With AGM season upon us, remuneration committees should be wary of risky decisions.
Directors on executive remuneration committees (RemCos) have had much to consider ahead of the 2025 AGM season and in the face of rising shareholder activism.
Korn Ferry senior client partner Emma Grogan says the number of strikes against ASX-listed companies hit highs of 41 in 2023 and 40 in 2024, compared to 22 in 2022. “Several companies have received a second strike and we’ve seen examples of a fourth and even a seventh consecutive strike in a row.”
Grogan says there have also been significant “no” votes over the past two years. The themes leading to these include perceptions that remuneration structures were inappropriate or flawed, or that executives were being treated more favourably relative to the performance of their company or shareholders’ experience.
While there were fewer remuneration strikes at Australian AGMs in the first half of 2025 compared to the same period in 2024, proxy adviser Glass Lewis says shareholder scrutiny and the willingness to vote against companies remains high.
Of the five remuneration strikes recorded during the period, three were at companies where a founder still sets the tone. According to Glass Lewis, this may reflect growing scrutiny of founder-led boards following recent controversies at Mineral Resources and WiseTech Global. Also possible is that founder-led boards tend to be more resistant to shareholder pressure and are typically slower to make big changes in response to feedback.
Grogan suspects companies are likely to be more conservative this AGM season, given the number of strikes experienced previously. “It would probably take a fair bit of courage by board members to make some risky or bold decisions.”
But she adds there’s a chance some directors may believe it’s worthwhile taking risks if they believe the outcome will help retain or attract the right executives because, in the end, that’s also the right outcome for shareholders.
ESG is big down under
Grogan says heightened agitation from stakeholders in recent years has led to more integration of environmental, social and governance (ESG) weightings into remuneration considerations.
“The vast majority of ASX 50 companies have incorporated ESG metrics into their frameworks, more commonly within short-term incentives (STIs),” she says.
“There are some differences across industries. You are more likely to see an environmental measure — for example, a carbon emissions or water energy efficiency target — in the mining or energy industry. And you’re much more likely to see a governance measures in the financial services industry. Social measures are the most common type of measure because we’ve had them for the longest — for example, safety measures or customer advocacy.”
Grogan says the scrutiny of ESG measures is focused on whether or not they are strategically aligned and whether they should be incentivised over and above fixed pay. Stakeholders are also looking at the rigour behind integrating them.

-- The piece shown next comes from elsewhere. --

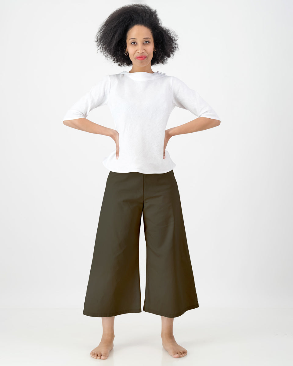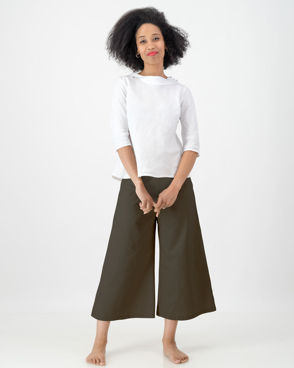 Pair them with a fitted top or a flowy blouse for an effortlessly chic daytime look. For evening wear, throw on a statement belt or heels for a polished, contemporary aesthetic. Whether you're exploring the city or attending a relaxed summer soirée, the caity culottes will be your go-to for versatility and style.

However, she says high-profile organisations in the UK, such as HSBC and BP, are reducing their ESG weightings. And, in the US, she says there’s been an unsurprising move away from diversity metrics.
Pinpointing the trends
Grogan is witnessing more scrutiny of boards because of perceived insufficient consequences or downwards adjustments. She says some of the larger entities are also awarding long term incentives (LTIs) in performance rights that have a vesting performance period of up to four years, rather than the usual of about three years. Plus, there’s been a slight move away from a higher weighting on non-financial metrics on the ASX 300.

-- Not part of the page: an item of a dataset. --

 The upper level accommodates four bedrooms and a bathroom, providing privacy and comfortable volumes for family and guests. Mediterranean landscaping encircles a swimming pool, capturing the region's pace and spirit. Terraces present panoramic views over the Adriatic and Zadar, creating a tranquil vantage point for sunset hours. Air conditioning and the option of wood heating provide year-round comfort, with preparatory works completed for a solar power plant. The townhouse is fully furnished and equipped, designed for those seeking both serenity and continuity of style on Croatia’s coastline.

“Over the past couple of years, we’ve commonly seen a 50/50 weighting, or in some cases, a higher weighting on non-financial metrics,” says Grogan. “We're starting to see several entities move back to that 60/40 or 70/30 mix.”
In terms of disclosures, she’s picked up heightened stakeholder expectations around the transparency of the performance targets that determine executive bonuses and LTIs. There’s also more questioning of non-financial measures when they appear opaque or are not directly tied to strategic objectives.
“For example, several financial services entities have introduced a reputation track measure and we’ve seen these challenged if they aren't necessarily experiencing a major reputational problem.”
In terms of the financial measures of LTI, Grogan says the most common used is a relative total shareholder return (TSR). “It’s strongly favoured by proxy advisers and investors, typically because it is a relative measure and very aligned to shareholder experience.”
Grogan adds there’s been an increasing use of minimum shareholding guidelines to align executive and shareholder interests. The median shareholding requirement for ASX 50 CEOs is two times fixed pay with a period of about four to five years to accumulate that shareholding.
Elsewhere, Grogan says the Australian Prudential Regulation Authority’s (APRA) CPS 511 has become “a gold standard not just for companies in financial services, but also across the ASX 100”.
“Under this standard, it’s clear the board is responsible for not just the remuneration framework in place, but also its application. It may have been applied in the past, but it wasn’t commonly referenced in board and RemCo charters.”
International comparisons
RemCos trying to attract global talent face added challenges.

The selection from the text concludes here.